Lahirnya puisi tak lepas dari proses mencipta dan dicipta. Mencipta sebagai kalimat aktif yang berlaga maskulin, sedang dicipta berposisi pasif yang bersifat menunggu sebagai tanda femina. Oleh karena itu proses lahirnya puisi sebagai makhluk tak ubahnya gejala turunan yang dilakukan Tuhan sejak zaman azali, yakni ketika sendiri di ruang sunyi, kemudian Alloh merindukan nama-nama baru, maka lahirlah makhluk pertama yang bernama ide. Ketika ide sudah berwujud, meruang dan mewaktu tercapailah tujuan asma’akullaha: aneka karya baru yang terus bermunculan, termasuk puisi dengan berbagai jenis tipografi dan alirannya.

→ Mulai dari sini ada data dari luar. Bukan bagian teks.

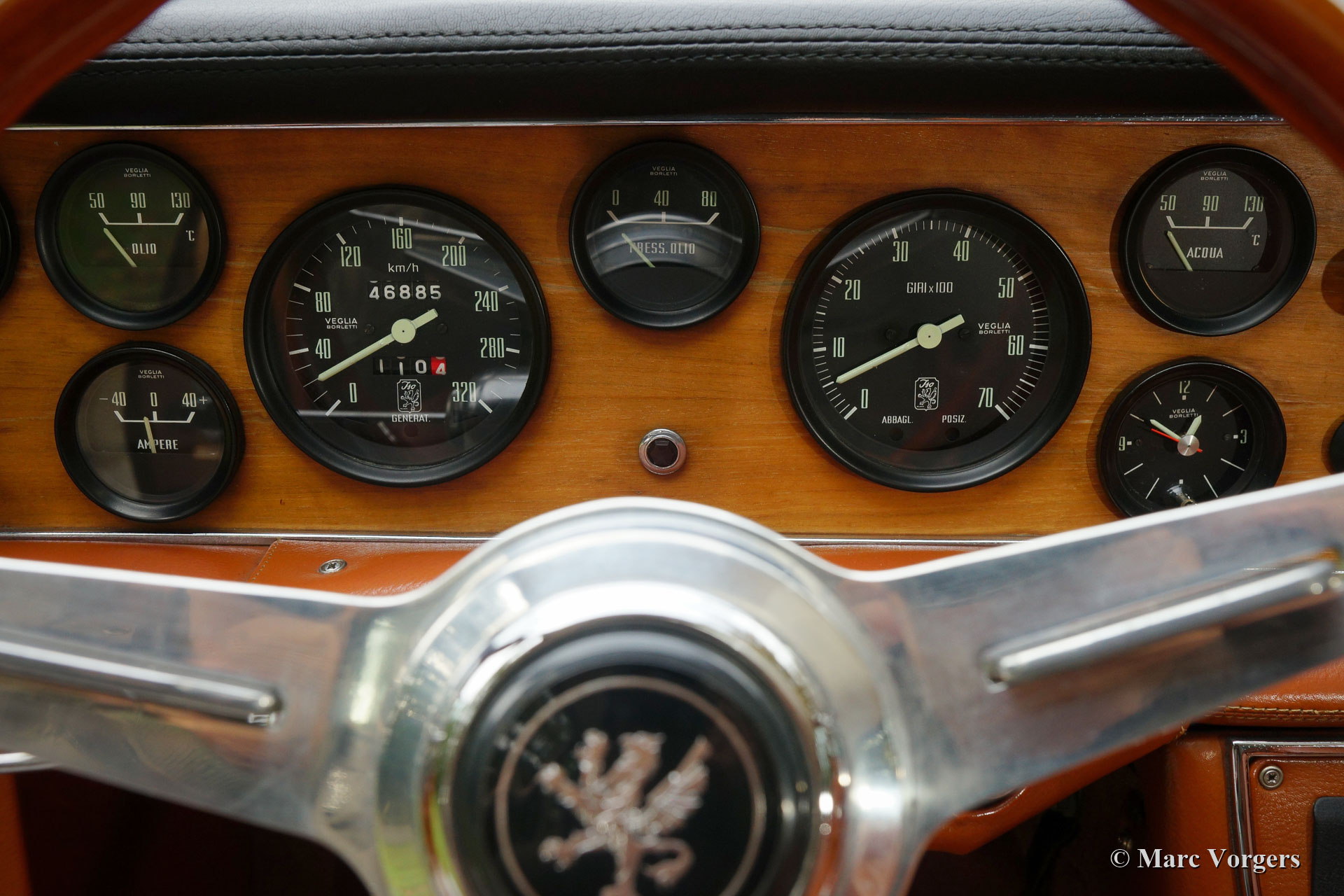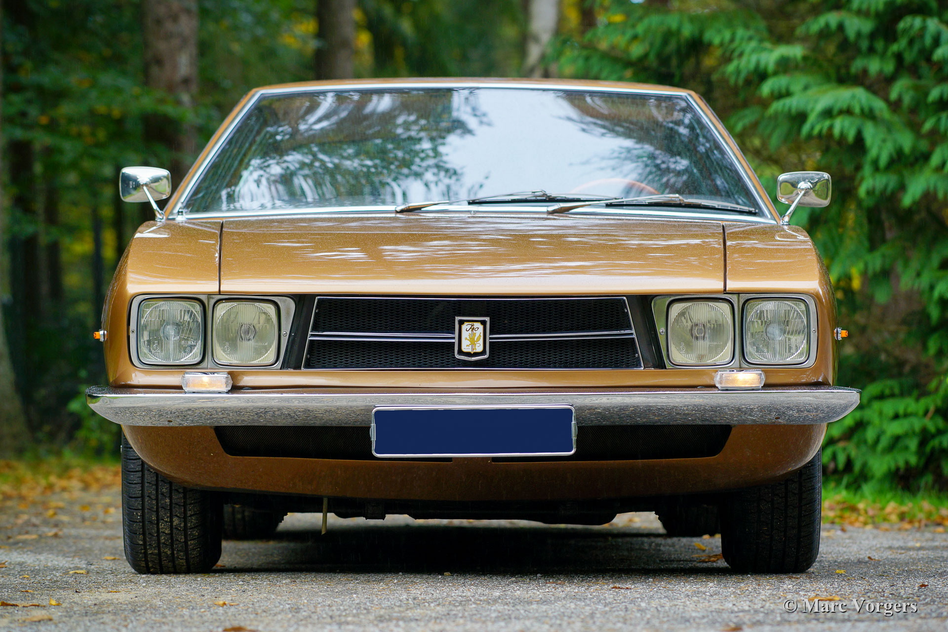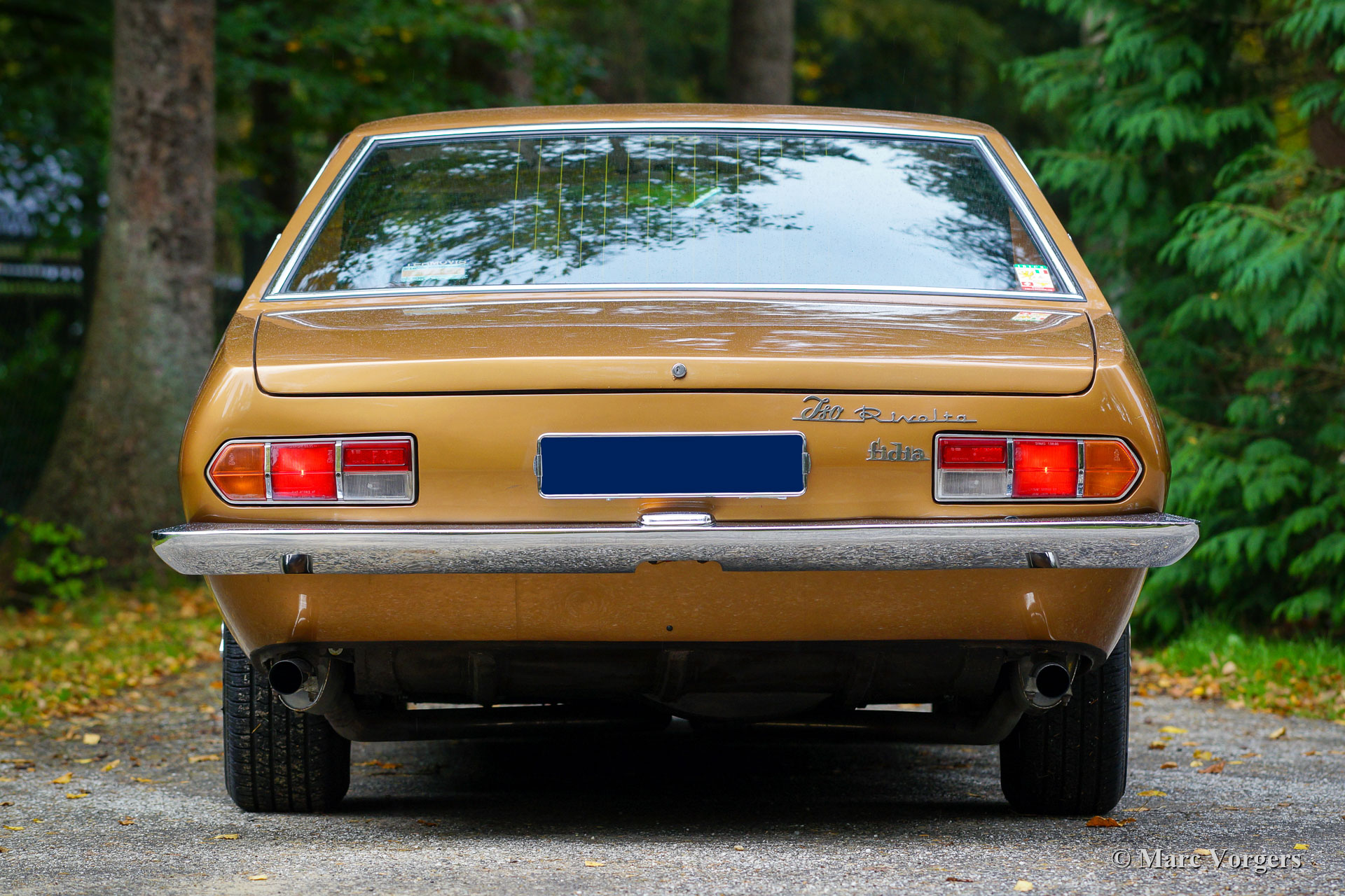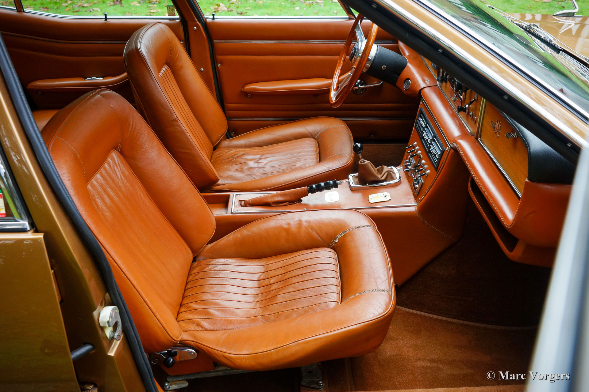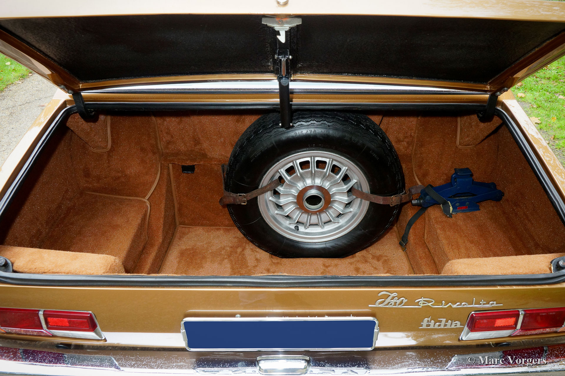 Iso Rivolta Fidia, année 1969. Couleur or / marron métallisé associée à un intérieur en cuir cognac et à un tapis marron clair. Cet impressionnant et très rare Iso Fidia a été vendu neuf en Suisse. En février 2015, l'automobile fut importée aux Pays-Bas. L'Iso Fidia est très rare, seuls 192 exemplaires furent construits de 1967 à 1974. L'Iso Fidia conçue par Giugiaro à Ghia était l'une des berlines à quatre portes les plus rapides de cette période. Comme les voitures de sport Iso Rivolta, la Fidia était également équipée de moteurs V8 Chevrolet (Corvette) robustes, fiables et très puissants (moteurs V8 Ford de 1973). Ce bel exemple est équipé d’un moteur V8 de 5,4 litres de Chevrolet couplé à une boîte de vitesses manuelle à quatre vitesses (tout synchronisé). L'essieu arrière est équipé d'un différentiel à glissement limité pour mettre correctement la puissance de 350 chevaux dans la rue. Cette Iso Fidia est en excellent état intérieur et extérieur et la voiture roule parfaitement ! Conduire une grande berline de luxe italienne à moteur V8 procure un sentiment très particulier. L'intérieur en cuir avec le tableau de bord en bois respire le luxe des années 1960, la direction assistée est un délice et le grondement du magnifique moteur V8 à l'arrière-plan complète l'expérience. La voiture est équipée de superbes jantes en alliage d’origine, de pneus Pirelli P4000 et d’une radio à cassettes stéréo Becker Mexico de première classe des années 1970. C’est un excellent exemple du très rare Iso Rivolta Fidia.

Setelah puisi terbentuk, baik yang mencipta atau yang dicipta menemukan titik teofani, maksudnya kepuasan dua fihak. Bagi puisi, penulis yang melahirkan dirinya adalah citra khusus. Puisi berkata bahwa penulis dapat dikenali dari dirinya, maksudnya kwalitas puisinya. Yang jadi pertanyaan adalah siapakah penulisnya? Apa yang diinginkan penulisnya? Atau bagaimanakah proses yang melatarbelakangi kelahirannya?
Beberapa kali saya ngobrol dengan D. Zawawi Imron, penyair Celurit Emas asal Kecamatan Batang Batang Sumenep Madura. Katakanlah dari dua antologi puisinya Celurit Emas dan Madura Akulah Darahmu terbilang sebagai puisi jadi yang menghantarkan Zawawi Imron duduk di kursi kepenyairan. Puisi jadi maksudnya puisi pilihan setelah menyisihkan ribuan judul puisi yang dianggap gagal sebagai puisi baik atau puisi yang masih tergolong bakalan (pra-menjadi puisi). Saya kira tidak hanya D. Zawawi Imron, melainkan seluruh penyair besar karya yang terpublikasi tidak ujug-ujug sempurna sebagaimana ditelan pembaca, melainkan ada proses panjang yang menyertainya meliputi penghapusan, editorial bahkan nash-mansukh, yakni perubahan puisi lama menjadi puisi yang lebih baik dalam satu tema.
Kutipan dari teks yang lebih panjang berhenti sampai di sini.